Hawhee proposed this course last summer, as the Penn State scandal escalated with the release of the Freeh Report. She saw an urgent need for better ethical decision-making at our institution, and she acted swiftly to address this need. Hawhee's course has provided Penn State students with an opportunity to think carefully about the ethical dilemmas they will face not only in sports, but also in life.
Hawhee has had ample opportunities to think through the nature of American sports culture, as a professor at Penn State and a former NCAA athlete for the University of Tennessee's women's basketball team.
Each Tuesday and Thursday afternoon in 316 Wagner, just a few minutes' walk from Beaver Stadium, Hawhee and her 46 students examine the cultural values that sports reflect. Using literature and dialogue as their main tools, students learn to critically examine these values and question their own belief systems.
On Thursday, February 21, Hawhee and her students wrapped up their unit on Basketball, Ethics, and Literature. They had completed their baseball unit, and they will be moving on to football this week.
Hawhee engaged her class in a discussion of "donkey basketball," a sport popular in many pockets of rural America in which players shoot hoops while riding donkeys.
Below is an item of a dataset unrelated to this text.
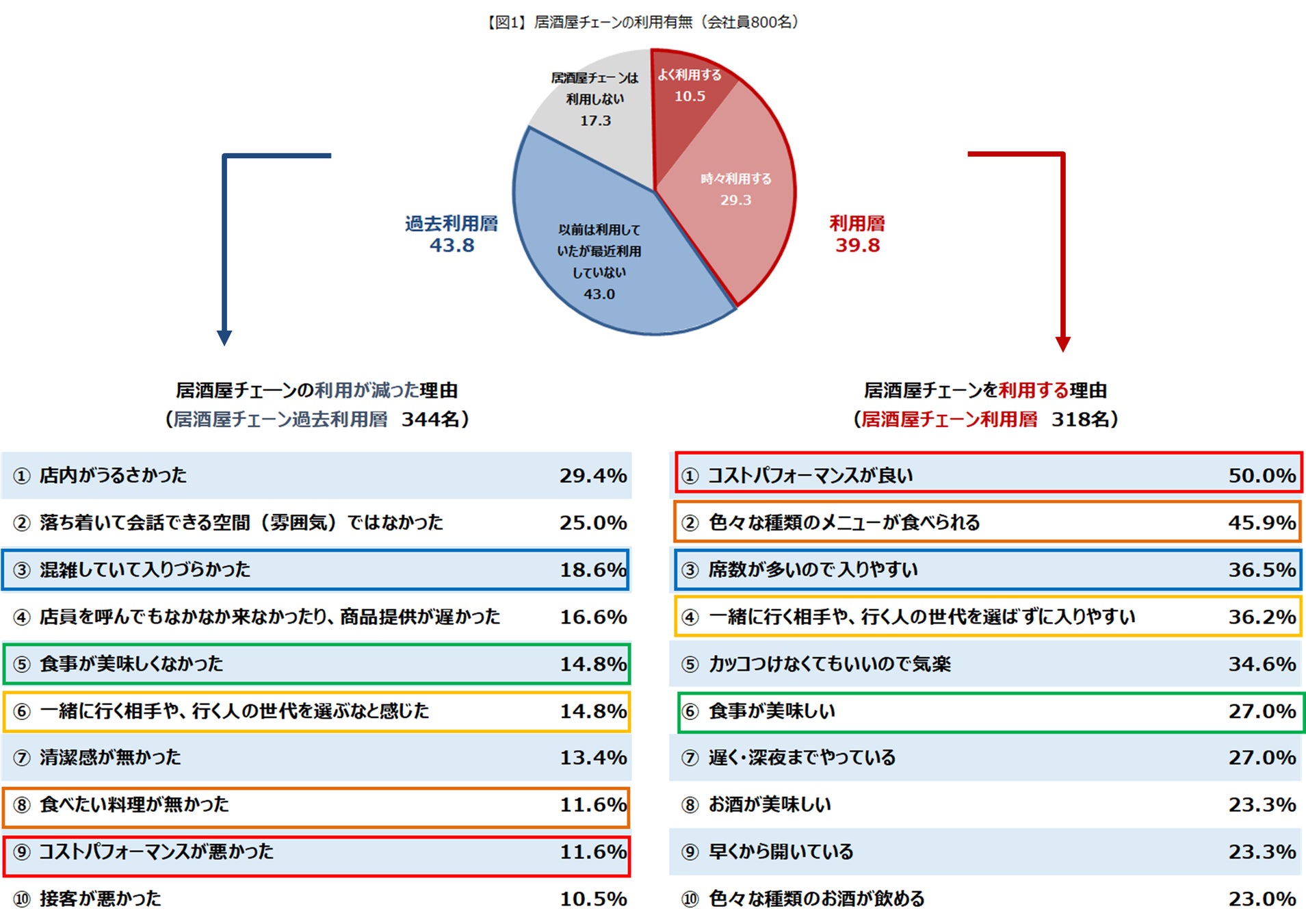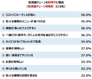 一方、利用する理由は「コスパが良い」「色々食べられる」「席数が多い」「相手を選ばず入りやすい」「食事が美味しい」等が上位にあがり、足が遠のいている人との認識にギャップが見られる。

This peculiar activity served as the subject of the day's reading, the short story "Basic Training" by American Indian writer and filmmaker Sherman Alexie.
As Hawhee helped her students understand, Alexie's story is about much more than donkey basketball. "If we read donkey basketball as some sort of grand metaphor," Hawhee asked her class, "how would this play out?"
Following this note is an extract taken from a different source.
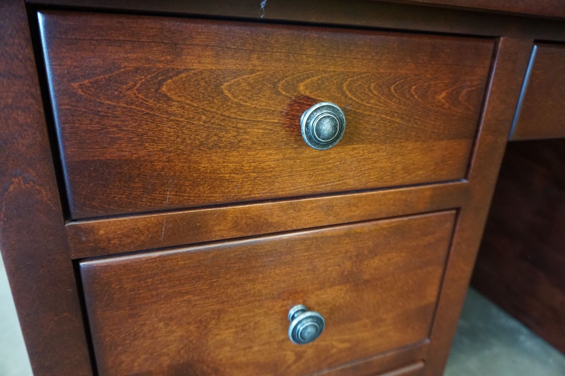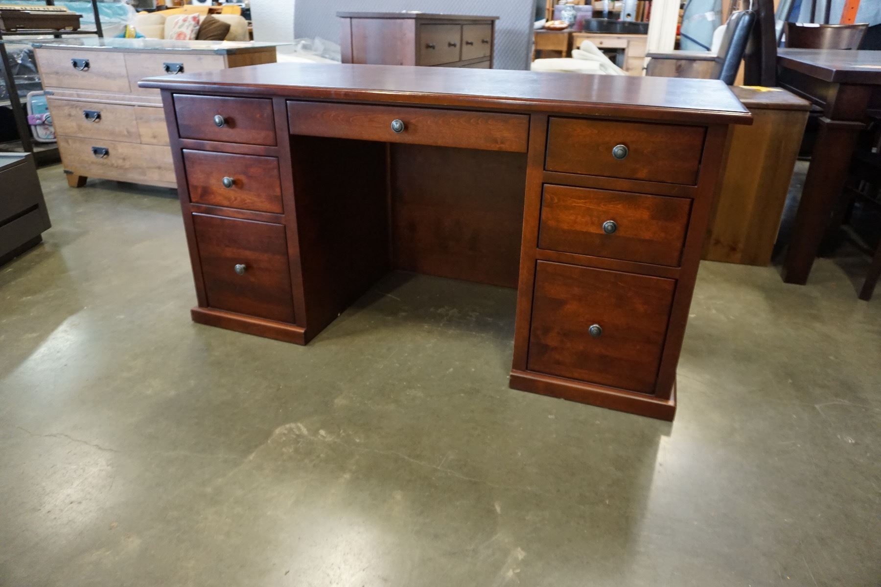 NEW SOLID MAPLE 7 DRAWER OFFICE DESK, FINISHED BACK, DOVETAILED DRAWERS, EXTENSION DRAWER GLIDES, ANTIQUE BLACK KNOBS, MADE IN LANGLEY, B.C. WHOLESALE COST IS $1625 RETAIL $2439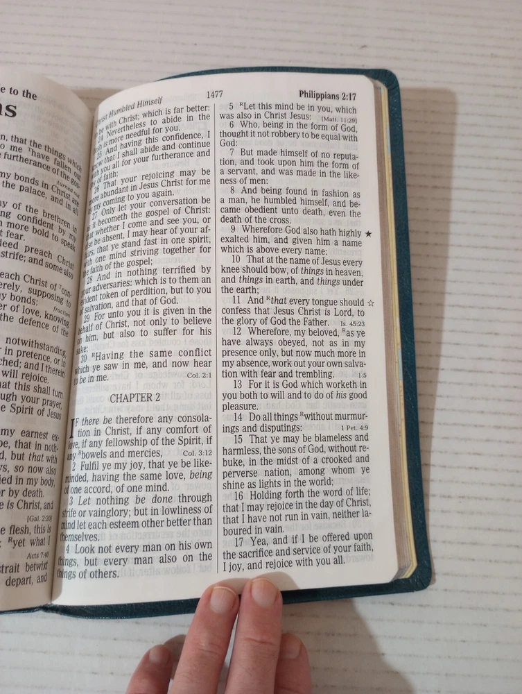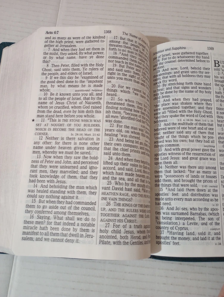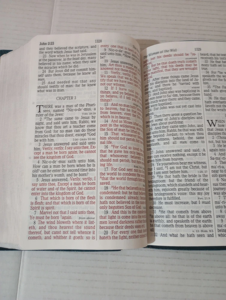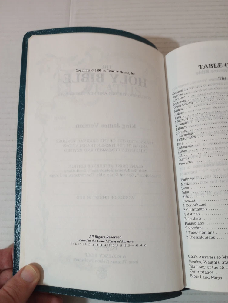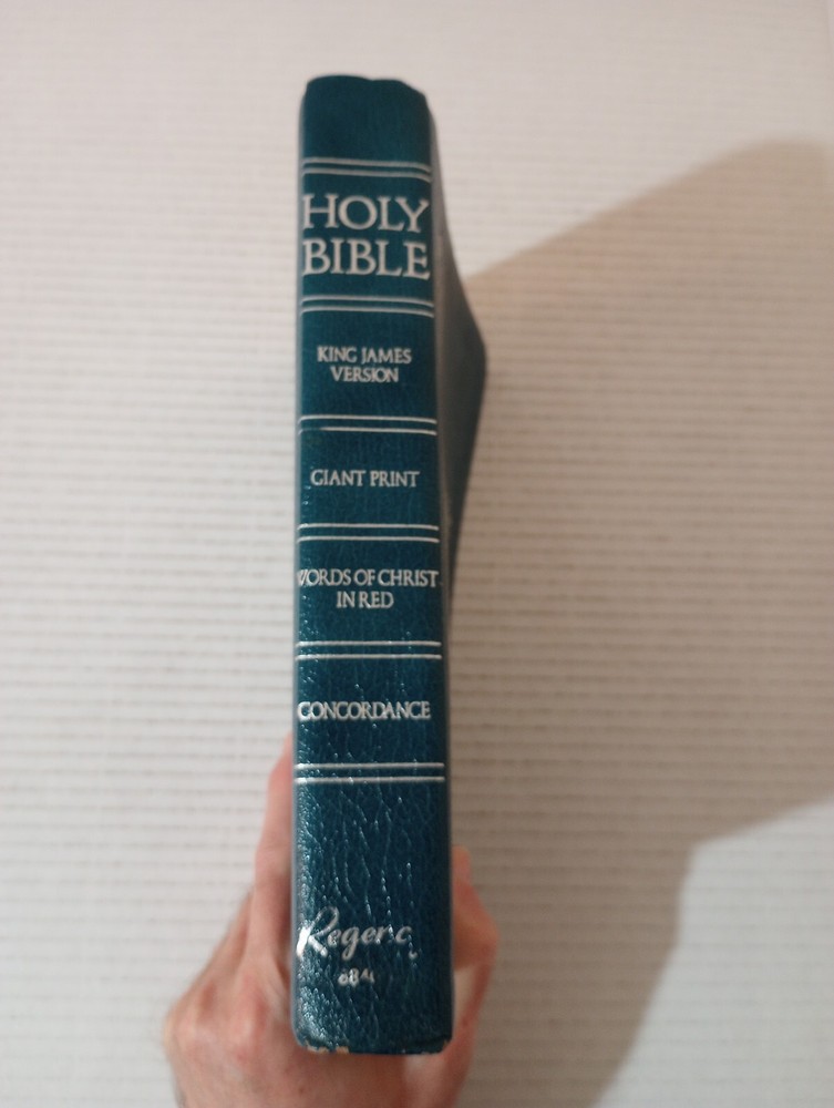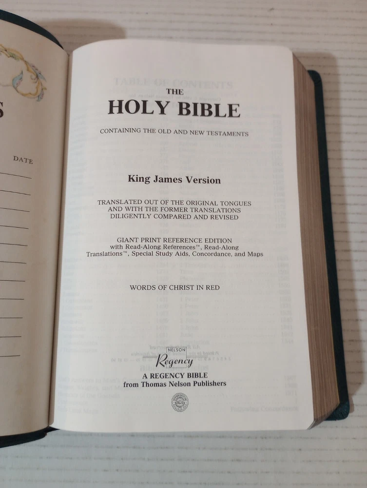Holy Bible KJV Red Letter Giant Print Concordance Regency. -Cover shows moderate wear. -Binding in excellent condition. -Some writing inside front cover. -No other markings on pages. -No missing pages. -Please review all photos for details of condition and content. -Shipped with USPS Media Mail or Priority Mail. -Also available for local pickup. We welcome offers counter offers and negotiation. We do not work Sundays. Thank you for your time!

Hawhee and her students spent the majority of class wrestling with this question as they read and analyzed key passages from the piece. One student drew a connection between the demise of the donkey basketball empire in the story and the decline of the NBA in the 1990s. Hawhee applauded the student for pointing out this "brilliant layer" of the story.
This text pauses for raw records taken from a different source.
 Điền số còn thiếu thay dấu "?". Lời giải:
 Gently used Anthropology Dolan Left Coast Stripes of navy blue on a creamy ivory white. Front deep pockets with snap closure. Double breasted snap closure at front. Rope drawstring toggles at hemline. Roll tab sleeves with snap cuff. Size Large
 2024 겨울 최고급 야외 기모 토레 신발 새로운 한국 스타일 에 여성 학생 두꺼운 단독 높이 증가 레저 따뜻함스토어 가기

Over the course of the discussion, Hawhee and her students identified additional themes at work in Alexie's story--themes of honor, duty, tradition, and nobility. Hawhee explained that "Basic Training" explores the question of where nobility comes from. Does it stem from following one's individual desires, or from fidelity to one's tribe or family? By the end of class, students may not have had an answer to this question, but they did have an important ethical question with which to grapple.
This is precisely her goal as an instructor, as she explained it: to encourage students to think through ethical dilemmas in advance of real-world conflicts. She expressed her belief that literature offers a valuable tool for doing so. Over the course of the semester, Hawhee and her students have addressed a number of challenging ethical questions, including the gender politics of the tee shirt that reads, "Ann Arbor is a Whore," a slogan popular among Michigan's rival schools; and Lance Armstrong's use of performance-enhancing drugs. The course encourages students to think through ethical dilemmas with greater care.
While Hawhee has occasionally brought this discussion closer to home, she has yet to delve fully into the Penn State scandal. The course's football unit will begin this week, and it remains to be seen where the discussions will lead.
At the end of the day, though, the course's content may be less important than the skills students are acquiring. If English 297A is about sports, ethics, and literature, Hawhee implied that ethics take center stage. "The issues are larger than sports and larger than literature," she said, "which often makes this class hard...and fun."